Regulators in the United States and Ireland are among those following suit, while several large European and U.S. pension funds have banned stock lending in the financial sector.

Markets have staged a widespread recovery this morning on hopes the move will help restore investor confidence.

INDUSTRY / FUND MANAGEMENT REACTION JOHN STANDERFER, VP FINANCIAL SERVICES, S3 MATCHING

TECHNOLOGIES, AUSTIN, TEXAS

"Short sellers provide an important reality check to the unbridled enthusiasm that generally emanates from the companies themselves.

"It was short sellers who first uncovered the problems at Enron and Worldcom and asked the hard questions on the conference calls and via the media.

"The root-cause analysis of this problem is not 'short-selling' but that these companies took on obligations far in excess of their capital, and when some of those obligations came due, they did not have the money to meet them."

JIM CHANOS, PRESIDENT, KYNIKOS ASSOCIATES & CHAIRMAN, COALITION OF PRIVATE INVESTMENT COMPANIES

"We are very concerned that these emergency orders will not enhance long term market integrity nor will they address the fundamental economic issues that have been afflicting our financial sector.
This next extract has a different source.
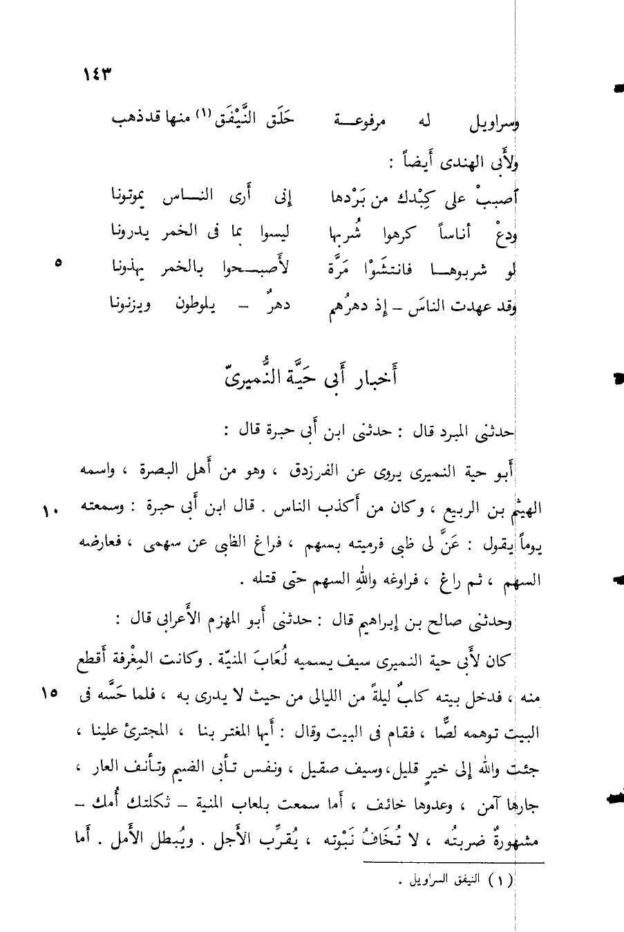 حدثني المبرد قال: حدَّثني ابن أبي حبرة قال: أبو حية النميري يروي عن الفرزدق، وهو من أهل البصرة، واسمه الهيثم بن الربيع، وكان من أكذب الناس. قال ابن أبي حبرة: وسمعته يوماً يقول: عن لي ظبي فرميته بسهم، فراغ الظبي عن سهمي، فعارضه السهم، ثم راغ، فراوغه والله السهم حتى قتله.

"We also believe that markets cannot withstand for long constantly changing rules in which each new regulation is announced in the middle of the night without any public comment or participation.

"Far from being the cause of the crisis, many short sellers were warning months and years ago about problems in this area.

"Simply put: short selling is a vital investment strategy that responds to market fundamentals and contributes to the integrity of stock prices.

"Investors are best served when they can hear both the reasons to buy and the reasons to sell any given security. These emergency orders limit the free flow of information and ultimately will not work to help the United States maintain the freest, strongest and most liquid capital markets in the world."

ERIC NEWMAN, PORTFOLIO MANAGER AT TFS CAPITAL

"In July, Christopher Cox said that ordinary short selling 'is a healthy and necessary part of a free market.' Maybe banning short selling was a necessary step to save the market. But let's stop blaming the short sellers.  Continued...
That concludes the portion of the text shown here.